🏠 Overview ✅ Implementation Tasks ✅ epic-periodic-summaries-core-logic-task-006

Build Push Notification Dispatcher Core

epic-periodic-summaries-core-logic-task-006 — Implement the push notification dispatcher service responsible for constructing and dispatching personalised digest notifications to both FCM (Android) and APNs (iOS) platforms. Must support deep-link routing payloads, notification payload construction for summary-ready events, and delivery confirmation tracking.

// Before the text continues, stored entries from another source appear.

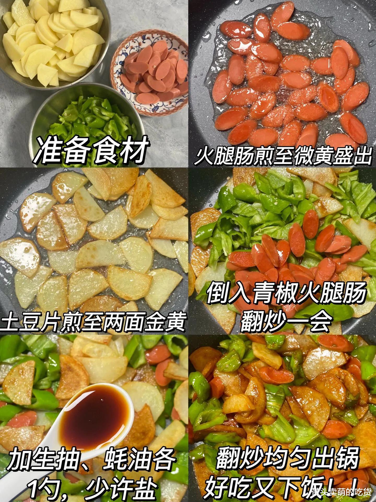 主要食材:土豆,青椒,火腿,生抽,蚝油,这道菜对于很多人都不陌生,把火腿换成是腊肉或者是腊肠,那就是妥妥的腊味菜,解馋下饭又下酒的硬菜,不过用火腿代替,甚至是只加几勺猪油,也能让这道菜非常下饭。
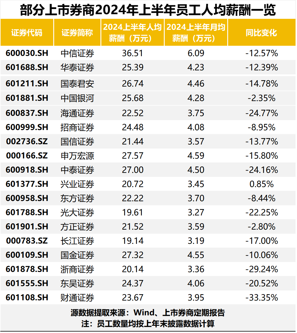 具体来看,A股43家直接上市券商上半年薪酬总额745.71亿,同比减少103.14亿,超八成券商员工人均薪酬减少。
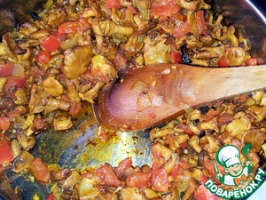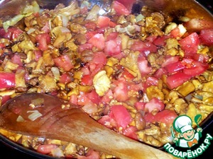 Помидоры ошпарила кипятком. Выдержала две минуты и очистила от кожицы. Нарезала и тоже переложила в сковороду жарить.
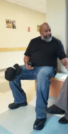 Paglalarawan ng Content: a man sitting on a bench in a hallway with a red ribbon on the wall

critical priority medium complexity backend pending backend specialist Tier 1

Acceptance Criteria

Dispatcher constructs a valid FCM-compatible payload for a `summary-ready` event with correct `notification` title/body and a `data` map containing `deep_link`, `summary_id`, and `org_id` fields
Dispatcher constructs a valid APNs-compatible payload for the same event
Deep-link routing supports at minimum the `/summary/{summaryId}` route, navigating the user directly to their period summary screen
Dispatcher accepts a list of target `userId`s and resolves their FCM/APNs tokens from the Supabase `device_tokens` table before dispatching
Delivery confirmation is tracked: for each dispatch attempt, a record is written to a `notification_dispatch_log` table with `user_id`, `notification_type`, `dispatched_at`, `platform`, and `status` (sent/failed)
Failed deliveries (invalid token, network error) are logged with error detail but do not throw — the dispatcher continues dispatching to remaining recipients
Dispatcher calls the OrgIsolationGuard before resolving device tokens to ensure only users of the specified organisation are targeted
Notifications are not sent to users who have disabled push notifications in their app settings (check `notification_preferences` table)
Dispatcher is invocable from Supabase Edge Functions (no Flutter runtime dependency in its core logic)
Personalised notification body includes the peer mentor's first name and the period label (e.g., 'Your H1 2025 summary is ready, Anna!')

Technical Requirements

frameworks
Dart
Supabase Dart SDK
Supabase Edge Functions (for server-side dispatch)
apis
Firebase Cloud Messaging (FCM) HTTP v1 API
Apple Push Notification service (APNs)
Supabase REST API (device token and preference lookup)
data models
DeviceToken
NotificationPreference
NotificationDispatchLog
PeerMentor
SummaryPeriod
performance requirements
Dispatch to 100 recipients completes within 10 seconds
Use batch FCM send API where available to reduce HTTP round-trips
Token resolution uses a single Supabase query with an `IN` filter, not N individual queries
security requirements
FCM server key and APNs credentials are stored as Supabase Edge Function secrets — never in the Flutter app bundle
Device tokens are treated as sensitive data — never logged in plaintext
OrgIsolationGuard must be called before any token resolution to prevent cross-org notification targeting
Notification payloads must not include sensitive personal data beyond first name and summary reference

Execution Context

Execution Tier
Tier 1

Tier 1 - 540 tasks

Can start after Tier 0 completes

Implementation Notes

Separate the dispatcher into two layers: (1) a `NotificationPayloadBuilder` that constructs platform-specific payloads from a `SummaryNotificationEvent` value object — this is purely functional and easily unit-tested; (2) a `PushNotificationDispatcher` that resolves tokens, calls the payload builder, sends via HTTP, and logs results. The actual HTTP dispatch to FCM/APNs should be implemented as a Supabase Edge Function (Deno/TypeScript) invoked from Dart via `supabase.functions.invoke()` — this keeps API keys server-side and avoids app bundle security risks. The Dart-side dispatcher is then responsible for: resolving tokens, filtering by preferences, constructing the event payload, and calling the edge function. Deep-link format should follow Flutter's `go_router` route naming convention already established in the app (e.g., `/summary/:id`).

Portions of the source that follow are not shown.